• [What the exercise asks]
No pictures go into the copy. Write out exactly the lines below from the one containing "fait une personne" through the one containing "自然光下的雞排茄子雙拼套餐米飯".

• [Supplied data]
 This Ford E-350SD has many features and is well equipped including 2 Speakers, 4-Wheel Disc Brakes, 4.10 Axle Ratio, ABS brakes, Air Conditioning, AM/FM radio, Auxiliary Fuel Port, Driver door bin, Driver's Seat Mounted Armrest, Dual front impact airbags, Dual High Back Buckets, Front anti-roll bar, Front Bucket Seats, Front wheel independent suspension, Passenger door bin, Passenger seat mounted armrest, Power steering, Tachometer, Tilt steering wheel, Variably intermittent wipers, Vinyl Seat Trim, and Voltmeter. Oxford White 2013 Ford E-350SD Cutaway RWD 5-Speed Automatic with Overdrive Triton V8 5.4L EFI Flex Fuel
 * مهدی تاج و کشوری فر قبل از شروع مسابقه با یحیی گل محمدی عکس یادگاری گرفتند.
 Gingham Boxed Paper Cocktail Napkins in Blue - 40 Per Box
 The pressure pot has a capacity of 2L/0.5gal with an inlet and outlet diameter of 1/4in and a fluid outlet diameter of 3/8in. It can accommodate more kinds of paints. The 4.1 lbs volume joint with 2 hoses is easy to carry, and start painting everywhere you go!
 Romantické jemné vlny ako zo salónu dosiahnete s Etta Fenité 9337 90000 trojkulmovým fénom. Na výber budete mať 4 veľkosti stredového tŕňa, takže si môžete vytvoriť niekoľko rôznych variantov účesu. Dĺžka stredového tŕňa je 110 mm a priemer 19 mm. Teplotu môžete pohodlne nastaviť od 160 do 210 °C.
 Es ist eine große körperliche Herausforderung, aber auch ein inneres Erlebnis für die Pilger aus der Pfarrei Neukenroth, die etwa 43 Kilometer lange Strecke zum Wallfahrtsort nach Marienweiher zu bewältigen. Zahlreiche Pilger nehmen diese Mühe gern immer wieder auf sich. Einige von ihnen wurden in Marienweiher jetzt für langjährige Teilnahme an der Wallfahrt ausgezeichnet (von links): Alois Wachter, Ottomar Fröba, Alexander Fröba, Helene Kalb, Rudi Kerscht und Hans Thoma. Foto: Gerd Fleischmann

* * *

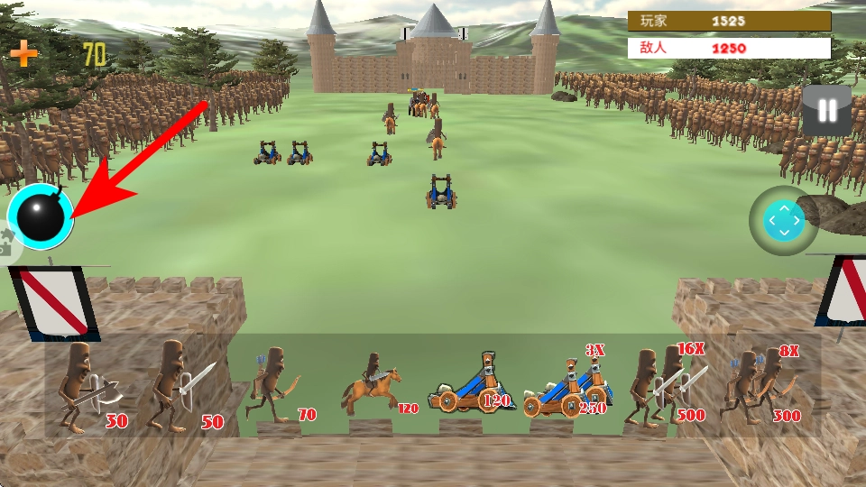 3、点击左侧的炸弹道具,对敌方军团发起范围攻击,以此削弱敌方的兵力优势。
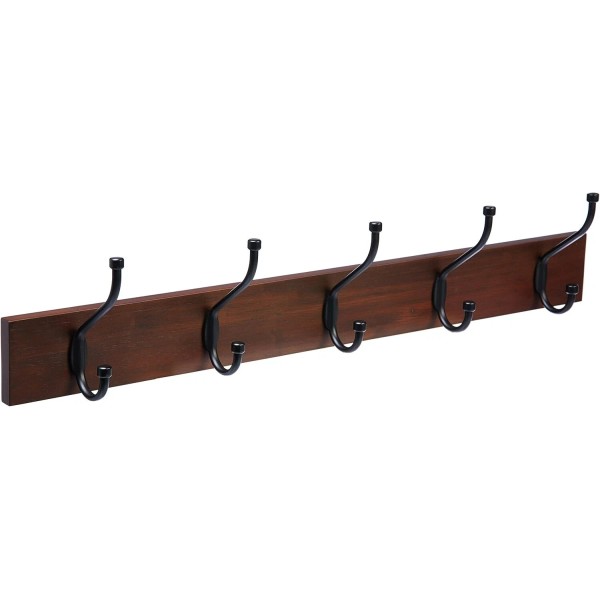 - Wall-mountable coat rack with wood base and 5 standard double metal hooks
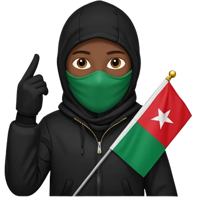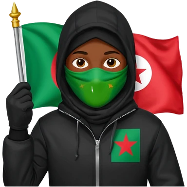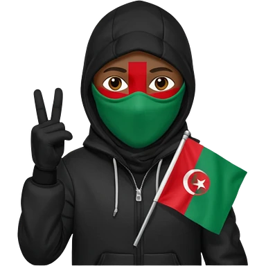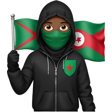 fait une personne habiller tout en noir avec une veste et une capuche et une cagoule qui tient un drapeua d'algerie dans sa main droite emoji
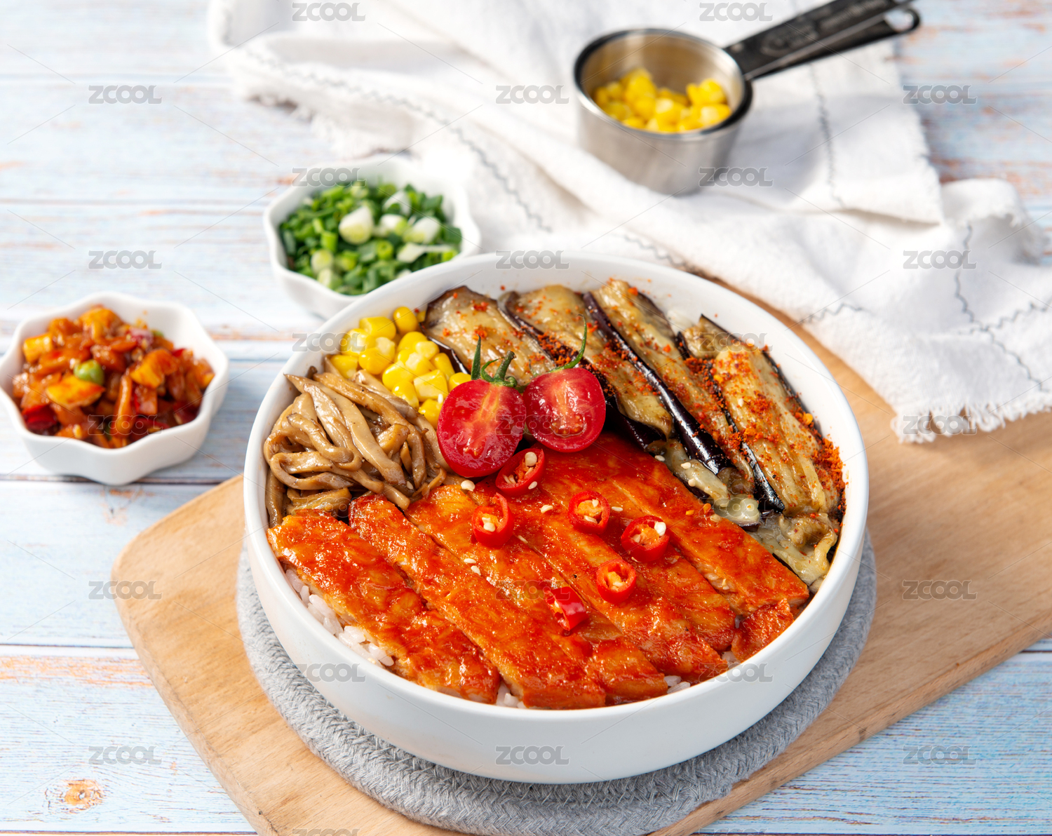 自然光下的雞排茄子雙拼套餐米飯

• [Answer space]
 fait une personne habiller tout en noir avec une veste et une capuche et une cagoule qui tient un drapeua d'algerie dans sa main droite emoji
 自然光下的雞排茄子雙拼套餐米飯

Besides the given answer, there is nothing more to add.